Rivers Patou, that’s his real name — it says so in gold letters on his dark blue baseball cap — is a Catholic priest. He’s also the Chaplain of the Port of Houston. (You didn’t know Houston has a port? It does.)

I was with Rivers last fall in South Bend, Indiana. We were there with our friends, Tom and Jann Brunner, and a classmate and colleague of Jann’s, Patricia Nemec, for the purpose of watching Notre Dame play Texas. Tom, Jann, Pat, and Rivers graduated from Notre Dame. Because they are intelligent, sophisticated, and urbane, they lack that certain fervor frequently associated in the popular mind with Notre Dame partisans, a fervor deeply resented by non-Notre Dame fans. But if you assume that means Brunners, Pat, and Fr. Patou are indifferent to what happens to Notre Dame football, you would be greatly in error.

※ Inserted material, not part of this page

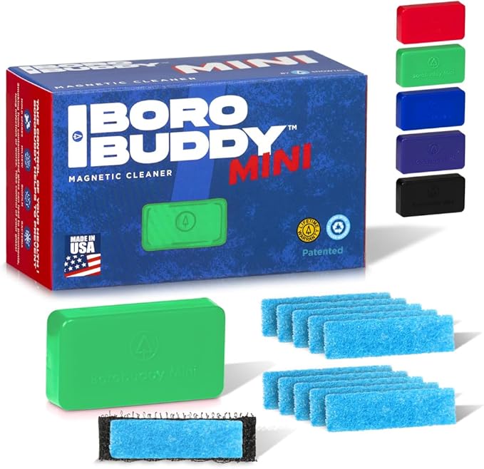 - ✅ COMPACT SIZE - We revolutionized glass cleaning with the original BoroBuddy Pro magnetic glass cleaner. Now we've created a compact version that can fit harder to reach places, grooves and smaller glass pieces. The SnowTree BoroBuddy mini handle measures 1.5" x 1" with an inside cleaning surface of 1" across. Includes 11 replacement cleaning pads.

The occasion for me was all the more meaningful because my son, Tim, was with us. He lives in Virginia and works for Tom Daschle, the Democratic Leader in the U.S. Senate. Tim had never seen the Fighting Irish play. Given the horrific beating the Democrats are taking from Republicans these days, I thought it would be good for Tim to be a part of something that at least had a reasonable chance of winning, as in Notre Dame over Texas.

The Brunners live in South Bend. Tom’s a lawyer. Jann teaches at St. Joseph’s High School. They see the Irish play often, but Fr. Patou makes his South Bend pilgrimage once a year.